Exercise instructions >> After locating the line that holds "Ženy představily skladbu", copy that line and all that follow it word for word through the end of the data, with no pictures.

***

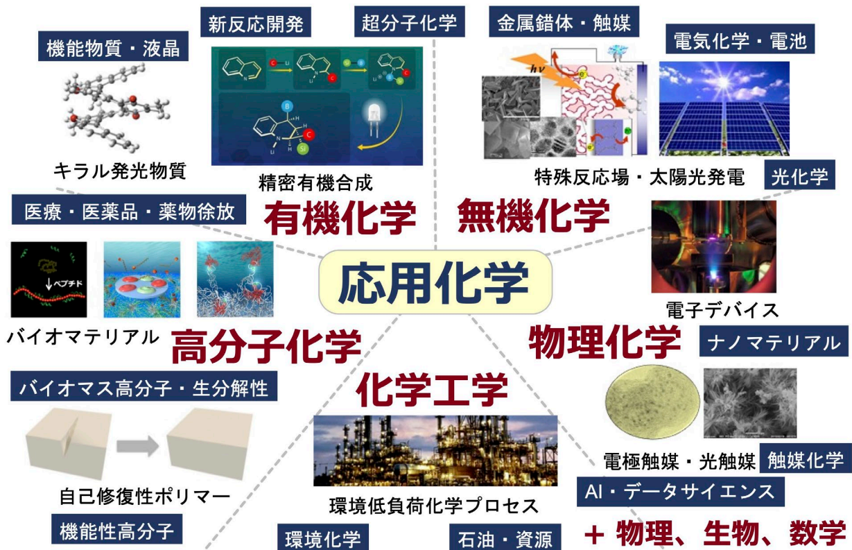
(図1) 応用化学の5つの専門科目群と研究のひろがり

『応用化学』は私たちの社会基盤・生活を支える重要な学問分野です。私たちの生活は、衣類、日用雑貨、医薬品からガソリンなどの燃料まで、様々な化学製品に囲まれています。これら化学製品の開発・生産は、物質変換の原理の解明と化合物の創成、機能と物性の発現メカニズムの解明、社会や生活に役立つ製品やシステムの構築・設計を研究対象としている『応用化学』が支えてきました。これからの社会の発展にも『応用化学』の知見が必要不可欠です。応用化学系は、技術革新に果敢に挑戦し、持続的な社会の構築に貢献する科学技術者・研究者を養成します。
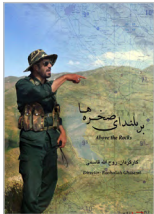
پوستر فیلم مستند «بریلندای صخره‌ها»
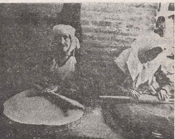
IRAN: Și aici evreii pregătesc matzot de Pesah

În Argentina apar două cotidiane în limba idîș — „Idische Zeitung“ și „Die Presse“ — precum și o revistă lunară idîș, „Davke“, dedicată problemelor de filozofie iudaică. Apar, de asemenea, două publicații săptămînale în limba spaniolă, „Mundo Hebreea“ și „La Luz“, ambele editate de comunitățile sefarde din Buenos Aires.
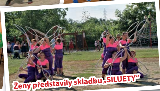
Ženy představily skladbu „SILUETY“
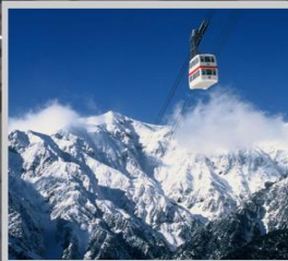
“SHIN HOTAKA ROPEWAY”
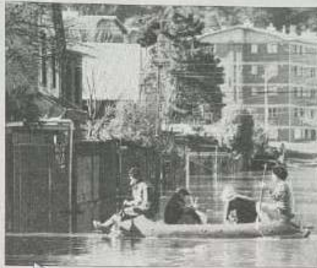
En botes andaban en la Isla Andalién los pobladores.

Por Lily Muñoz y Tania Merino
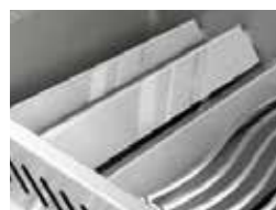
Plaques de brûleur en acier inoxydable à deux niveaux
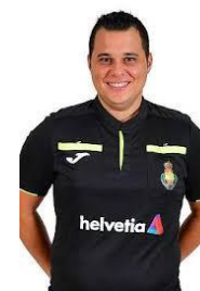
Jose M. Iniesta
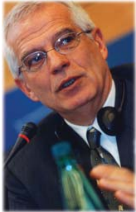
Josep Borrell Fontelles fue elegido Presidente del Parlamento Europeo en 2004.

***

Written answer >>
Ženy představily skladbu „SILUETY“
“SHIN HOTAKA ROPEWAY”
En botes andaban en la Isla Andalién los pobladores.

Por Lily Muñoz y Tania Merino
Plaques de brûleur en acier inoxydable à deux niveaux
Jose M. Iniesta
Josep Borrell Fontelles fue elegido Presidente del Parlamento Europeo en 2004.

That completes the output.